The report comes as nationalist party Sinn Fein prepares for a Jan. 28 conference to decide whether to back a reformed policing and justice system -- a key condition for restoration of a Protestant-Catholic power-sharing assembly.
The three-year inquiry found that Special Branch officers turned a blind eye to the criminal activities of a unit of the outlawed Ulster Volunteer Force (UVF) in order to protect "agents" within its ranks.
Between 1991 and 2003 members of the Belfast-based UVF gang killed 10 people, including a Presbyterian minister and a Roman Catholic taxi driver, and were linked to a catalogue of other crimes including shootings, drug dealing and extortion.
At the same time police officers paid retainers to those suspected of the crimes, "babysat" them in interviews to ensure they did not incriminate themselves and destroyed evidence.

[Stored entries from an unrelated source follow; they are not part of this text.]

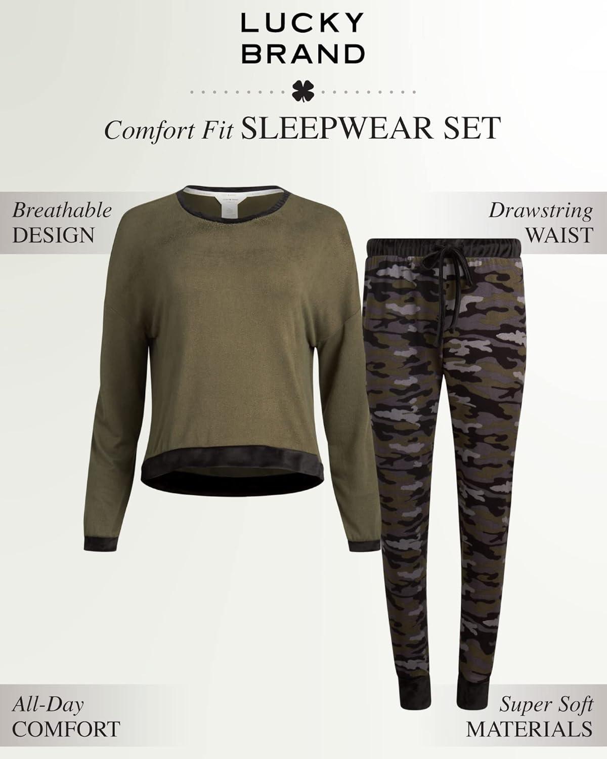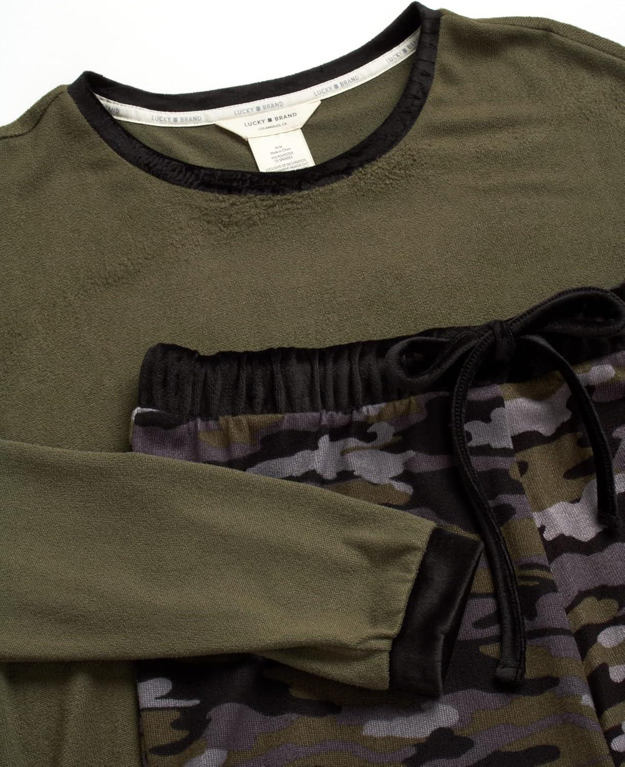 Lucky Brand Women’s Pajama Set – 2 Piece Long Sleeve Sleep Shirt and Jogger Pants with Velour Trim (S-XL)(Dusky Green)
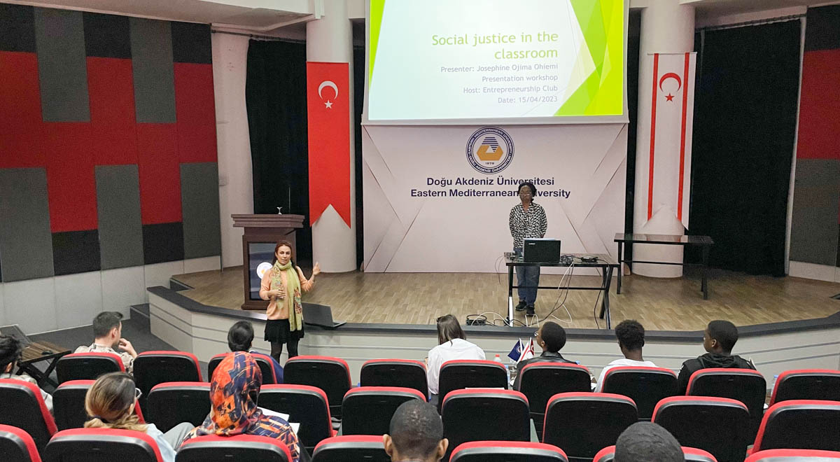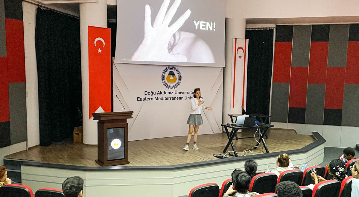Doğu Akdeniz Üniversitesi (DAÜ) Sosyal ve Kültürel Aktiviteler Müdürlüğü’ne bağlı DAÜ Girişimcilik Kulübü, “Sahnenin Yıldızı Olmaya Hazır Mısınız?” sloganıyla, Grup Önünde Etkili Konuşma konulu seminer düzenledi. DAÜ Merkezi Dersliklerde gerçekleşen eminerde grup önünde etkili konuşmanın incelikleri anlatıldı.
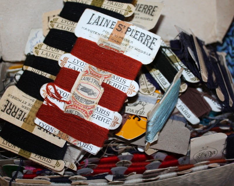 I end up buying a few Playmobil. A bunch of Littlest pet Shop (17 of them, most from the first 100). I bought a lovely antique ink stamp, very large and elaborated. 2 books for my son. Some vintage buttons, cute ones and a huge lot of antique silk and wool threads on card along with balls of cotton threads and a few lovely wool skeins.
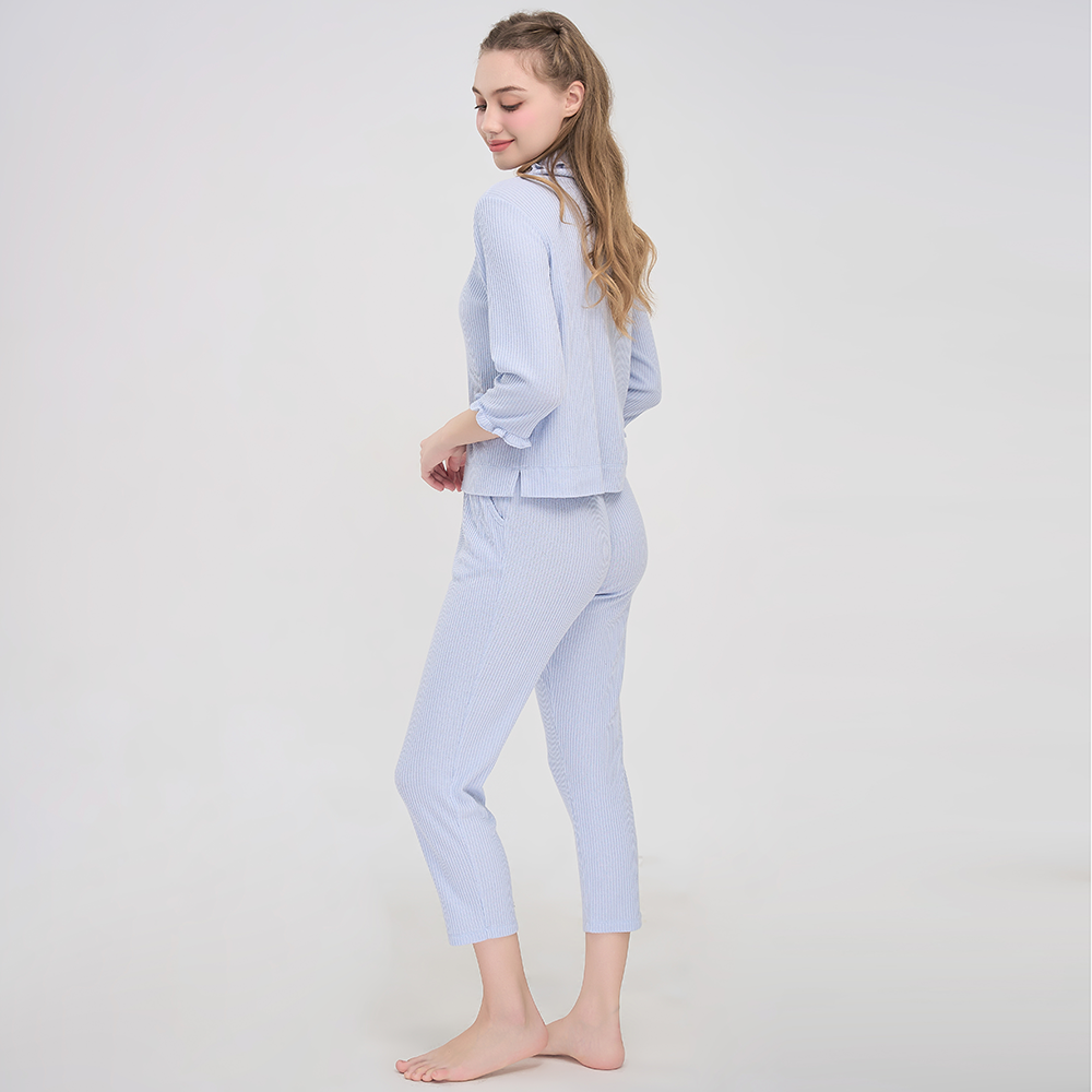 Đặc điểm nổi bật: - Cổ lá sen, tay lỡ - Kẹp ren trắng ở phần lá cổ, lai tay, lai quần - Chất liệu thun - Dáng bộ đồ dài - Thiết kế và
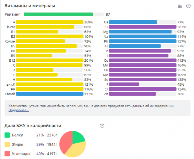 | Кол-во | Калории | Белки | Жиры | Углеводы | |
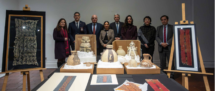 Este viernes el Ministerio de las Culturas, las Artes y el Patrimonio realizó la devolución de bienes arqueológicos a Perú, tras ser incautados en investigaciones por ventas ilegales en plataformas en línea.
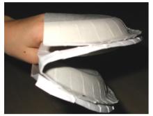 Zwei der halben Teller tackert oder klebt ihr an dem ganzen fest. |
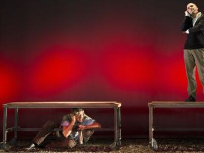 Lorca y Merino, en una escenografía casi minimalista (un fondo ocre y unas alfombras sobre las tablas que esconden los elementos que utilizarán los actores, que no abandonan el escenario en ningún momento) despliegan un juego de precisión, desdoblándose en multitud personajes separados por 500 años de historia. Los vecinos del pueblo reunidos en asamblea; mujeres respirando mercurio para exigir una indemnización ("tenemos que mantener los síntomas para negociar"); dos lugareños sin más distracción que leer el horóscopo en un diario viejo; el recepcionista clarividente y repelente de un hotel que se presume cochambroso o el empresario humanizado al llamar por teléfono a su familia (misión complicada: las líneas, ya se sabe, la cobertura...). Un cambio mínimo en el vestuario, en el gesto o incluso en la mirada, basta para cambiar de universo. En ello Titzina son expertos.

"It would be easy to blame the junior officers' conduct," Ombudsman Nuala O'Loan said in a statement. "However, they could not have operated as they did without the knowledge and support at the highest levels of the Royal Ulster Constabulary (RUC) and the Police Service of Northern Ireland (PSNI)."
The PSNI replaced the RUC in 2001 as part of policing reforms under a 1998 peace deal to end 30 years of bloodshed between majority Protestants who want to retain links with Britain and a Catholic minority in favour of a united Ireland.
The Protestant-dominated force was dogged by allegations of collusion with paramilitaries throughout the conflict, accusations that have been highlighted in several previous reports and that extended to the British security service, MI5.
O'Loan has sent a file to PSNI Chief Constable Hugh Orde naming senior Special Branch officers and their UVF informers but prosecutors have indicated charges will not be brought.
Missing documents had prevented officers being held to account, according to the report which began as an inquiry into the 1997 murder of 22-year-old Protestant Raymond McCord.
PSNI chief Orde, who took up his post in mid-2002, said the report made "shocking, disturbing and uncomfortable reading" and apologised to the families of those affected.
Irish Prime Minister Bertie Ahern said the findings were of "the utmost gravity" and that he would be discussing them further with British counterpart Tony Blair.
A spokesman for Blair said the events were a matter for profound regret "and the prime minister shares that regret".